И вроде как уже неудобно ему самому куда-то поступать, когда родной дочери учиться надо… Чего это он, в самом деле, на старости лет о высшем образовании вспомнил? (Не на старости, не на старости, это просто образное выражение!)
Саша чувствовал себя раздавленным. Матери он не стал ничего говорить. Тем более та до поздней осени на даче… Ух, она ругаться станет, когда узнает, что он сам, добровольно, отцовство свое признал, дочь Сашину погонит, в результаты экспертизы не поверит.
«Но ты же мужик, папа, — говорила дочь. — Алименты не платил, так хоть сейчас помоги!»
Саша согласился поселить дочь у себя, на время — пока поступать будет. Потом пусть в общежитии живет. Платить тоже согласился — но с условием, что она не в какой-то крутой вуз поступит, где цены немереные, а куда попроще.
Договорились. Целое лето дочь, Алиса, жила в Москве. Саша с трудом, но вытерпел. К счастью, дочь поступила в институт, и, причем, поступила на бюджетное и свалила, наконец, в общежитие. И больше не появлялась, ничего не требовала.
По сути, Саша отделался малой кровью. И мать ничего не узнала, не стала скандал затевать.
Заодно перестал о высшем образовании думать. Вроде как поздно. И тут он с девушкой одной познакомился… И опять влюбился. Но она с характером оказалась, из современных капризных девиц. Ей деньги были нужны — на салоны, на шмотки, на поездки за границу. Саша, конечно, тратился на нее, но девице все мало было. Начала она пилить Сашу, что тот на старости лет обычным работягой остался, хотя другие мужики в его возрасте бизнесом ворочают. И то ей не то, и это не так… В конце концов девица его бросила, связалась с каким-то крутым «папиком» на «Лексусе», а Саше напоследок заявила, что в его возрасте с молодыми-красивыми стыдно встречаться, если капиталов нет.
В душе осадок неприятный остался после этого романа.
В самом деле, он же уже в возрасте мужик, а какие у него достижения? Ну ладно, хрен с ним, с образованием… И без образования люди кучу денег имеют. А он — кто?
Мастер по подключению «стиралок». Профессия, конечно, нужная и востребованная, но и правда, сейчас все меньше москвичей, кто этим занимается. В основном одни приезжие подключают-ремонтируют-строят. А у коренного москвича в этом возрасте уже другой уровень жизни должен быть.
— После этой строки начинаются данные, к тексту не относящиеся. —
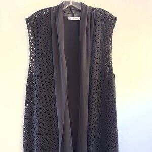 NEW Black Needle Lace LONG VEST with Chiffon Back, US XL, 46
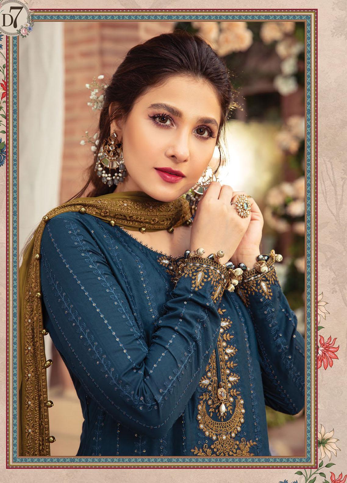Maria B Embroidered Cotton Satin Suits Unstitched 3 Piece MB21SU D-07 - Festive Collection
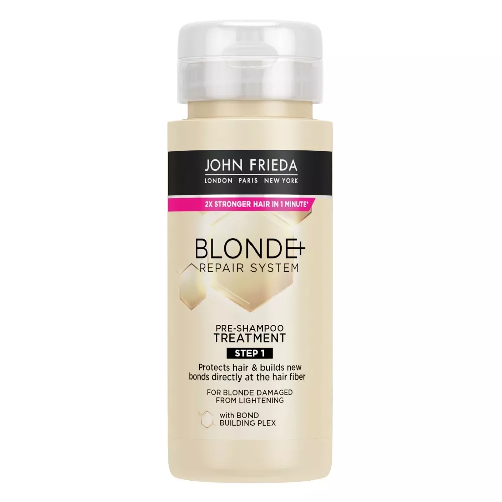 Osiągnij swój najlepszy blond bez kompromisów z kuracją John Frieda Blonde+ Repair System. Ta innowacyjna kuracja przed szamponem stanowi pierwszy krok w 3-stopniowym systemie Blonde+ Repair, który wzmacnia włosy i w ciągu zaledwie minuty naprawia uszkodzenia spowodowane farbowaniem, rozjaśnianiem i stylizacją na gorąco. Nie musisz już wybierać między kolorem a zdrowo wyglądającymi włosami.
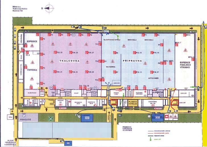 Objekt byl postaven v padesátých letech minulého století. Hala tkalcovny, přípravny a skladu je konstruována jako jeden požární úsek o rozměrech 70x 200 m, bezokenní budova s rovnou střechou. Strop tvoří betonové panely (nepochozí), mezi stropem a lepenkovou střechou je otevřený prostor v celé délce haly, ve kterém je umístěna klimatizace. V prvním nadzemním podlaží objektu se nachází tkalcovna, přípravna (návod, šlichtovna, snovárna, sukárna a sklad barevné příze), expedice finálních výrobků, dílny, dvě trafostanice a plynová kotelna. Ve druhém nadzemním podlaží objektu jsou umístěny archivy, kanceláře a zázemí pro zaměstnance.
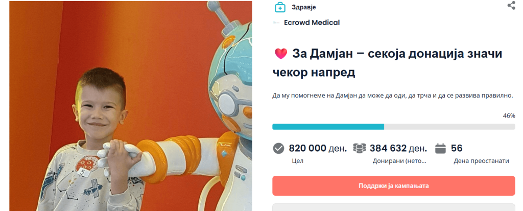 Дамјан е 5-годишно детенце кое многу сака да оди во градинка и да се дружи, игра и трча со другарчињата. Роден е со ригиден еквиноварус на левото стапало и до сега се поминати 2 неуспешни операции на ногата за да дојде до одредена форма и развој. За жал, оваа состојба го атрофира мускулот на левата нога и го скратува стапалото за цел број, што му прави дополнителни проблеми во одењето, трчањето, возењето велосипед…

Свое дело, своя контора, свой бизнес…
И по бабам бегать тоже несолидно (это уже он сам, от себя решил). Скоро полтинник, а у него — ни котенка, ни ребенка (Алиса не в счет, она без него росла).
Почему жизнь так сложилась, кто в этом виноват?
Страна виновата. Вечно какие-то катаклизмы.
Мать виновата. Она же его, Сашу, таким воспитала…
Василиса виновата. Да, да, да, Василиса — с нее все и началось! Саша перестал учиться — потому что знал, что Василиса с аттестатом поможет.
Но еще не поздно все исправить. Если он станет солидным мужиком, имеющим свое дело, — то все изменится. Он найдет себе юную, невинную девушку, заведет с ней семью, будет изумительным отцом…
Он станет КЕМ-ТО, а не наемным работягой.
В Саше словно материнские гены проснулись. С таким же упорством Галина когда-то устраивалась в Москве, выскребала из утробы ненужных детей, потом воевала за своего принца, обставляла квартиру, бегала по врачам в попытках вновь забеременеть, тянула из себя жилы, надрывалась…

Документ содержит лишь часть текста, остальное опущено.